London close: Stocks gain as analysts expect QE expansion by ECB
Updated : 16:54
UK stocks gained on Wednesday as further quantitative easing by the European Central Bank seemed more likely after Eurozone inflation fell short of forecasts.
Eurozone inflation rose 0.1% in the year to November, unchanged from the previous month, according to the 'flash' estimate from Eurostat on Wednesday. Analysts had predicted year-on-year growth of 0.2%, adding pressure on the ECB ahead of its policy decision on Thursday. The ECB is targeting inflation of just below 2%.
ECB President Mario Draghi is expected to announce new measures to counter prolonged low inflation, including an increase in monthly asset purchases, an extension to the quantitative easing programme beyond September 2016 and a cut to the deposit rate.
"November’s weaker-than-expected Eurozone consumer prices figures give a final green light for the ECB to both increase the pace of its asset purchases and cut its deposit rate at tomorrow’s policy meeting," said Jonathan Loynes, chief European economist at Capital Economics.
In the UK, the British Retail Consortium revealed that a drop in British shop prices accelerated in November. Prices declined 2.1% over the 12 months to November, worse than October's 1.8% decrease.

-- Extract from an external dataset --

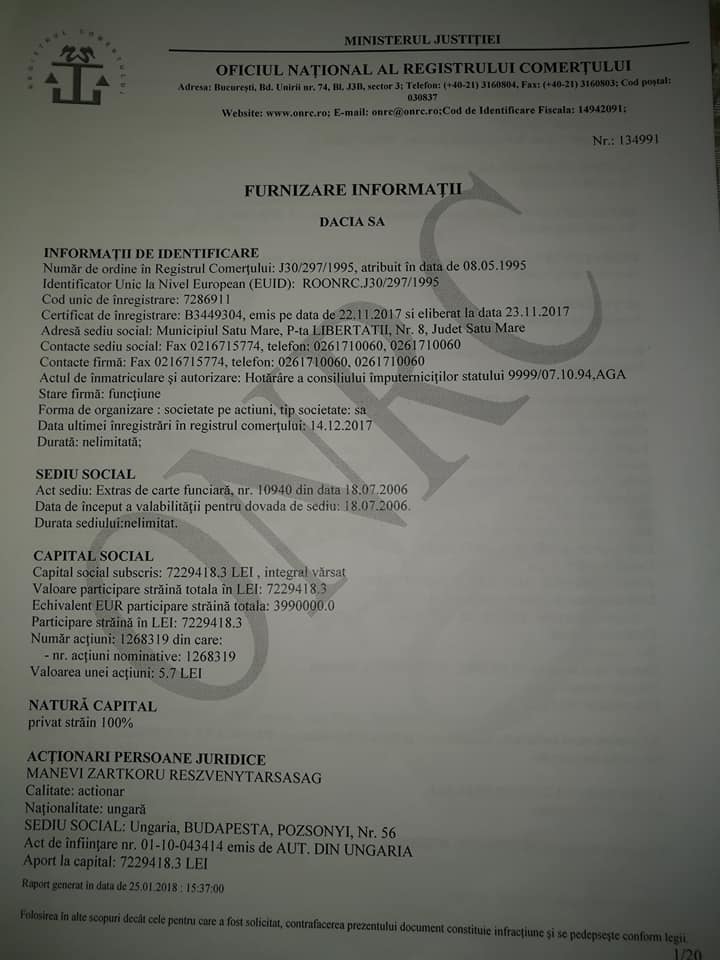 ”Azi am avut o curiozitatea și căutând în informatiile publice ale ONRC am aflat că societatea DACIA SA, în patrimoniul căreia se află clădirea cunoscută de noi Hotelul Dacia, simbolul Sătmarului, a fost cumpărată în data de 08.12.2017 de către MANEVI ZARTKORU RESZVENYTARSASAG, cu sediul social în Budapesta, strada Pozsonyi, nr 56, iar noul administrator fiind aceași societate maghiară, prin Peter Zavodszky, cetățean maghiar.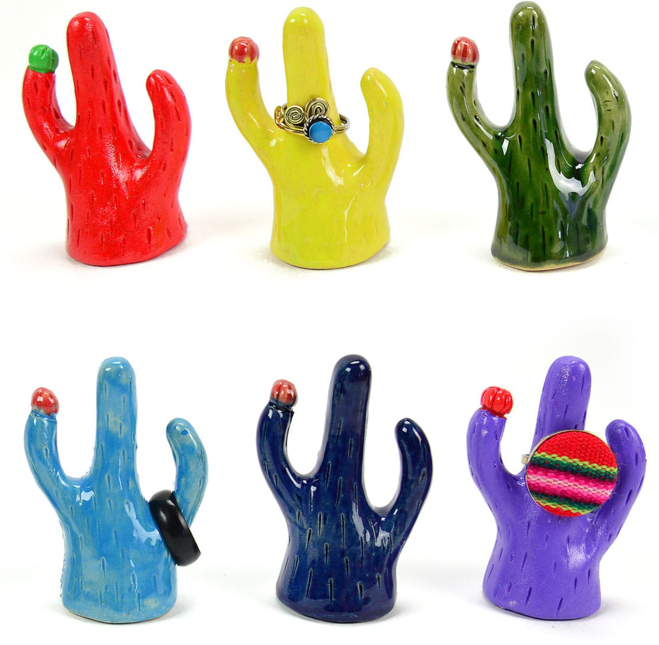 Ceramic cacti made for holding your jewelry and other trinkets! Comes in a variety of colors. Sold individually. Please inquire about current color selection. Made in Perú.

Markit’s construction purchasing managers’ index declined from 58.8 in October to 55.3 in November, comfortably below the 58.5 reading analysts had expected. A reading above 50 signals an expansion while a level below that suggests growth.
Stateside, the private sector created 217,000 jobs in November, according to ADP, better than the previous month’s reading of 196,000 and estimates of 190,000. The data comes ahead of the widely followed non-farm payrolls on Friday.

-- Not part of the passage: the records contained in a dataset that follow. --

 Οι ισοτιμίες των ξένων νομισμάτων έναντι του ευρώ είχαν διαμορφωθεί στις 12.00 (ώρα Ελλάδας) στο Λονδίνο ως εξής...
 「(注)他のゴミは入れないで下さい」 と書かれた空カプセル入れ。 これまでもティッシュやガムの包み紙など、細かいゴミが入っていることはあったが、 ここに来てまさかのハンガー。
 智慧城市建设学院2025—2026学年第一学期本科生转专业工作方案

Meanwhile, Federal Reserve policymaker Dennis Lockhart said the case for raising interest rates this month was “compelling”, although dollar strength was a risk to his outlook.
In a speech in Fort Lauderdale ahead of the Fed’s two-day meeting on 15-16 December, Lockhart said: “The dollar has risen pretty substantially since mid-2014.”
Earlier the Fed’s Lael Brainard said the central bank should go slow in raising interest rates. Speaking at the Stanford Institute for Economic Policy Research, he said there may be confines to the Fed’s ability to tighten monetary policy.
Company-wise, Shire, GlaxoSmithKline and AstraZeneca rallied as the sector got a boost from a note by Morgan Stanley, which double upgraded AZN to ‘overweight’ from ‘underweight’ and said it was among its top picks.
Helped by JP Morgan Cazenove nudging its target price higher to 450p, Merlin Entertainments was on the front foot again following a well-received trading statement on Monday, in which the theme parks group confirmed it was likely to end the year on a stable footing. It said full year profit forecasts were expected to meet lowered expectations despite the continued significant weakness at Alton Towers since the crash on its Smiler ride in June.
On the downside, Meggitt slid as it looked set to be demoted to the FTSE 250 following the latest FTSE 100 quarterly review, the results of which will be announced after the close on Wednesday. Shares in the aerospace and defence engineer tumbled 20% in late October after it cautioned that full year profit would be well below forecasts due to a “marked deterioration” in its end markets.
Morrison Supermarkets was also sitting lower as the London Stock Exchange said the group is likely to be moved from the FTSE 100 to the FTSE 250 as it suffers from a price war.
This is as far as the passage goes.